Obesity has become a leading medical disorder, which is associated with life threatening conditions such as glucose intolerance, insulin resistance (IR) and type 2 diabetes (T2D). In the maintenance of glucose homeostasis, muscle is a critical organ and current health recommendations include regular physical activity as a cornerstone in the prevention and treatment of IR/T2D. The development of therapeutics that mimick the health promoting effects of exercise (so-called exercise mimetics) has been proposed as a novel strategy. However, this has been proven difficult, because we still do not completely understand how exercise improves glucose tolerance. In particular, angiogenesis – the growth of new blood vessels from existing ones – is an early adaptive event following exercise training, but the role of the muscle vasculature in the regulation of muscle metabolism and glucose tolerance has been largely overlooked. Moreover, since exercise-induced angiogenesis is one of the very few physiological conditions under which new (and functional) blood vessels form, studying the mechanisms underlying exercise-induced angiogenesis could be of major interest for the future development of regenerative therapies in which angiogenesis plays a crucial role.
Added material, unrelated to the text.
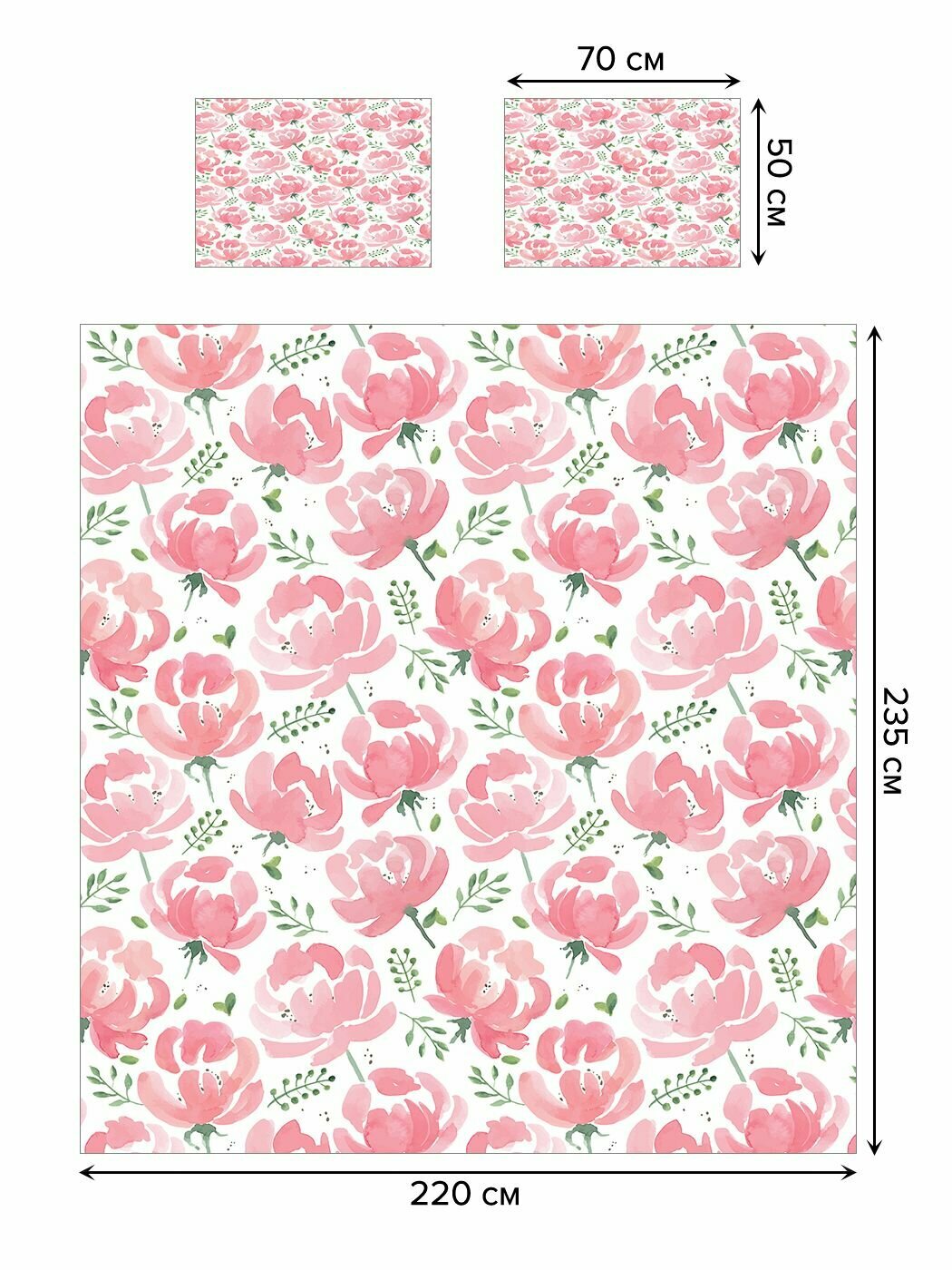 Комплектация: покрывало 220х235 см (2х-спальное), наволочки 50х70 см – 2 шт.
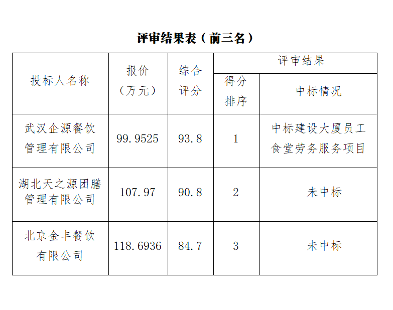 ? ? 經(jīng)評(píng)審,綜合評(píng)分排名第一為武漢企源餐飲管理有限公司,報(bào)價(jià)為99.9525萬(wàn)元/年,綜合評(píng)分為93.8分,中標(biāo)武漢市政工程設(shè)計(jì)研究院有限責(zé)任公司建設(shè)大廈員工食堂勞務(wù)服務(wù)項(xiàng)目。

In this project, my lab investigated the metabolic crosstalk between the vasculature and the muscle to increase our understanding on how the endothelium interacts with the muscle and how endothelial cells contribute to muscle homeostasis.
First, we aimed at studying whether and how vessels need to reprogram their metabolism to promote angiogenesis following exercise training. We found that different muscle endothelial cell subpopulations exist. We could further show that the angiogenic response following exercise is executed by a specific EC population which is characterized by the expression of the ATF3/4 transcription factors. We found that these ATF3/4high endothelial cells are metabolically prepared for angiogenesis. In particular, ATF3/4high muscle endothelial cells control a set of genes involved in amino acid uptake and metabolism. As such, they are metabolically prepared to rapidly form new vessels under angiogenic conditions. ATF3/4- (or Atf4KD) ECs had lower amino acid uptake, and showed lower cellular amino acid levels, leading to a lower capacity for growth and vascular expansion. As a consequence, deleting atf4 in ECs impaired exercise-induced angiogenesis. We also explored whether this metabolic reprogramming is required for the muscle to allow training adaptations, but couldn't observe any impaired adaptations following short term training. In the future, we hope to harness ATF3/4high ECs to promote revascularization in regenerative settings.
We also hypothesized that endothelial cells and the muscle intensely communicate to ensure optimal muscle function and to orchestrate muscle adaptations and muscle homeostasis. We found that highly glycolytic angiogenic ECs are a main source of lactate in the muscle, particularly during muscle ischemia, and lowering angiocrine lactate production through EC-specific loss of Pfkfb3 (a main glycolytic regulator in ECs) reduced muscle revascularization and regeneration. Mechanistically, we found that EC-derived lactate drives macrophage, the main immune cell in the muscle, to acquire a pro-regenerative phenotype. This phenotype was initiated by the uptake of lactate into the macrophage (via mechanisms that we are currently investigating). Moreover, lactate shuttling by ECs enabled macrophages to promote muscle regeneration and to further stimulate angiogenesis by secreting VEGF, the main angiogenic growth factor. Thus, through the release of lactate, endothelial cells shape a pro-regenerative and pro-angiogenic environment and a such control muscle regeneration. Ultimately, we aim to investigate whether this communication is affected during the development of T2D and if so, whether this interaction can be exploited to prevent IR/T2D.